* DATA EXTRACT
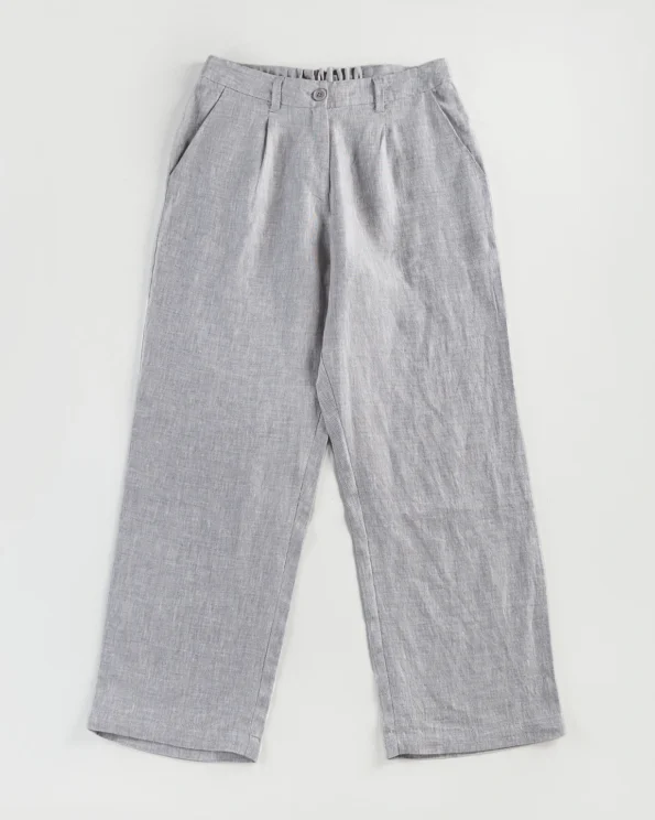 Product Details: Pure Luxury linen Loose fit bottom has wide hem details, front waist has one side pleat details, has front zipper with button details.
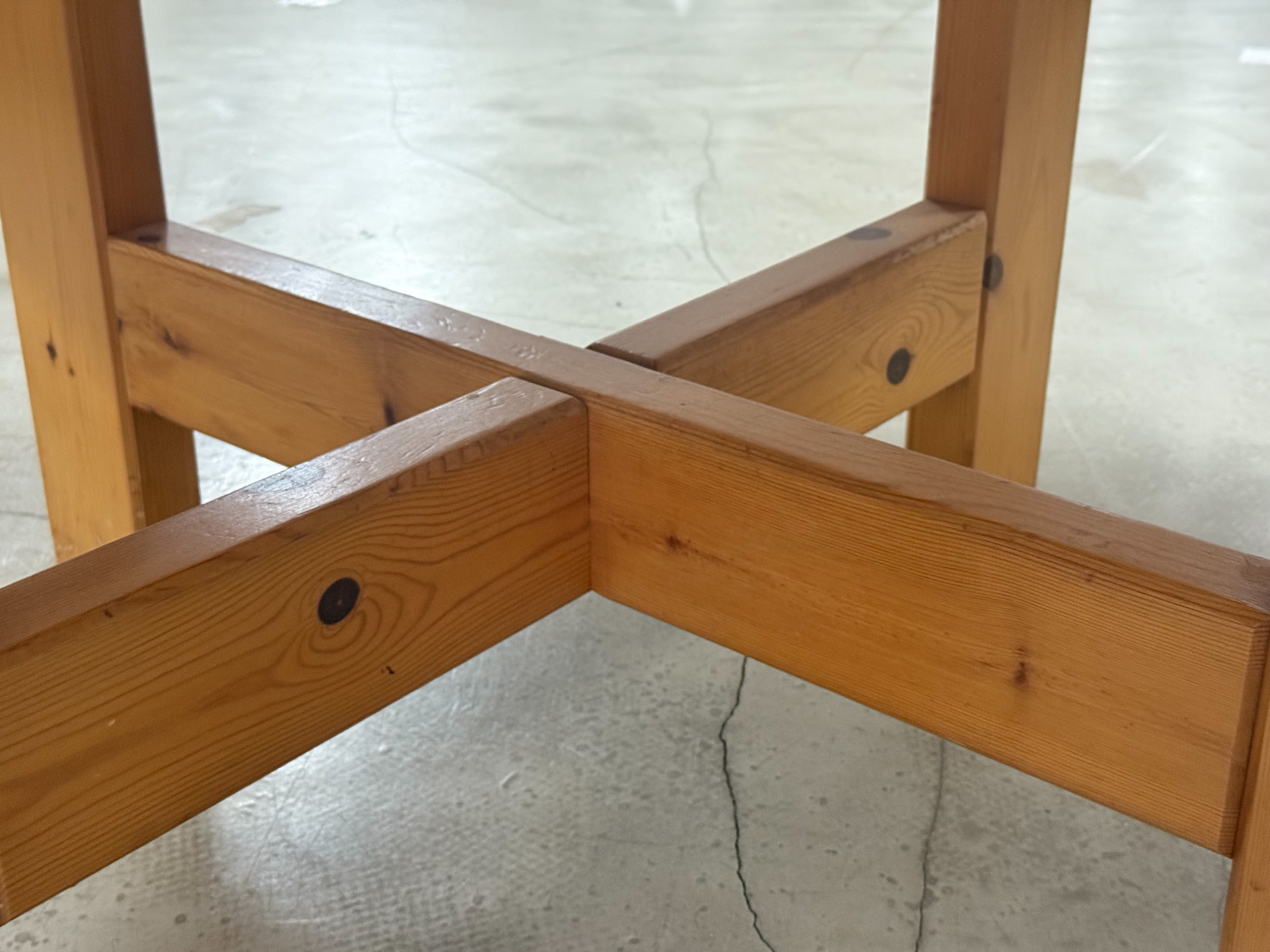 The table is distinguished by beautiful wood joints visible on and around the tabletop, as well as in its construction throughout. Both the base of the table and these refined details make it a striking design originating from the north.
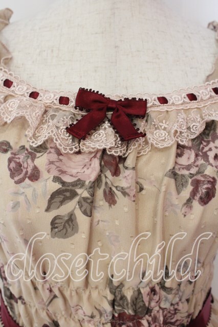 Pina sweetcollection / フリルスカラップワンピース ローズ柄・ベージュ O-26-01-08-022-LO-OP-IG-OS
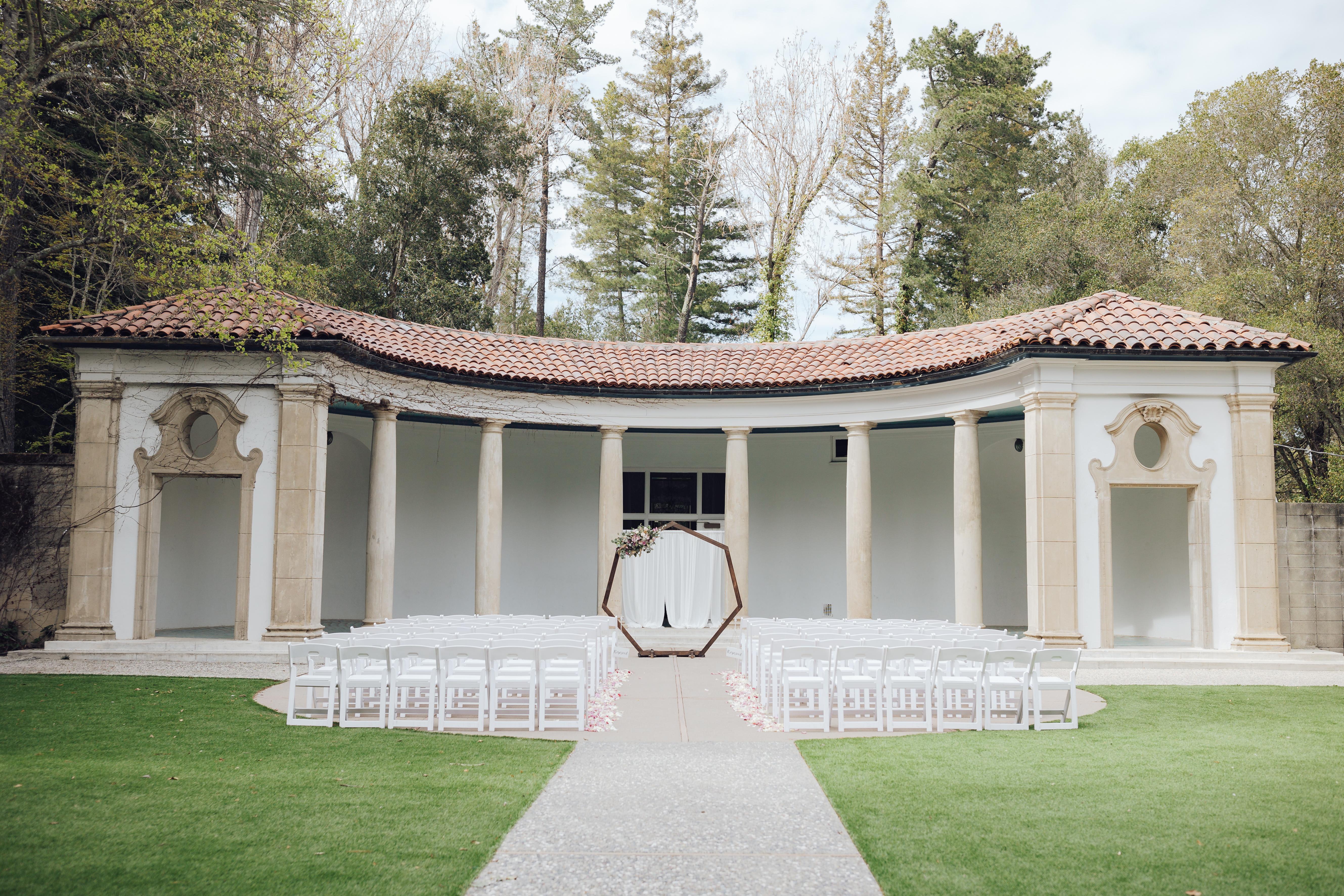 Spacious parkland combines with historic charm and unique architecture to create a gorgeous wedding and events venue at Hacienda de las Flores. You and your guests will have access to the property's scenic grounds, complete with lush greenery and gardens. This historic Town-owned property includes the Hacienda de las Flores, Pavilion, La Sala, Casita and a large lawn enhanced by blue atlas trees, willows, palms and flowers. Tranquil and secluded, Hacienda de las Flores offers one of the prettiest garden environments for your wedding in the East Bay.

* HOW TO COMPLETE THIS TASK
All the material shown above is to be copied exactly, with no pictures carried over.

* SOLUTION FOR THIS PROBLEM
 Product Details: Pure Luxury linen Loose fit bottom has wide hem details, front waist has one side pleat details, has front zipper with button details.
 The table is distinguished by beautiful wood joints visible on and around the tabletop, as well as in its construction throughout. Both the base of the table and these refined details make it a striking design originating from the north.
 Pina sweetcollection / フリルスカラップワンピース ローズ柄・ベージュ O-26-01-08-022-LO-OP-IG-OS
 Spacious parkland combines with historic charm and unique architecture to create a gorgeous wedding and events venue at Hacienda de las Flores. You and your guests will have access to the property's scenic grounds, complete with lush greenery and gardens. This historic Town-owned property includes the Hacienda de las Flores, Pavilion, La Sala, Casita and a large lawn enhanced by blue atlas trees, willows, palms and flowers. Tranquil and secluded, Hacienda de las Flores offers one of the prettiest garden environments for your wedding in the East Bay.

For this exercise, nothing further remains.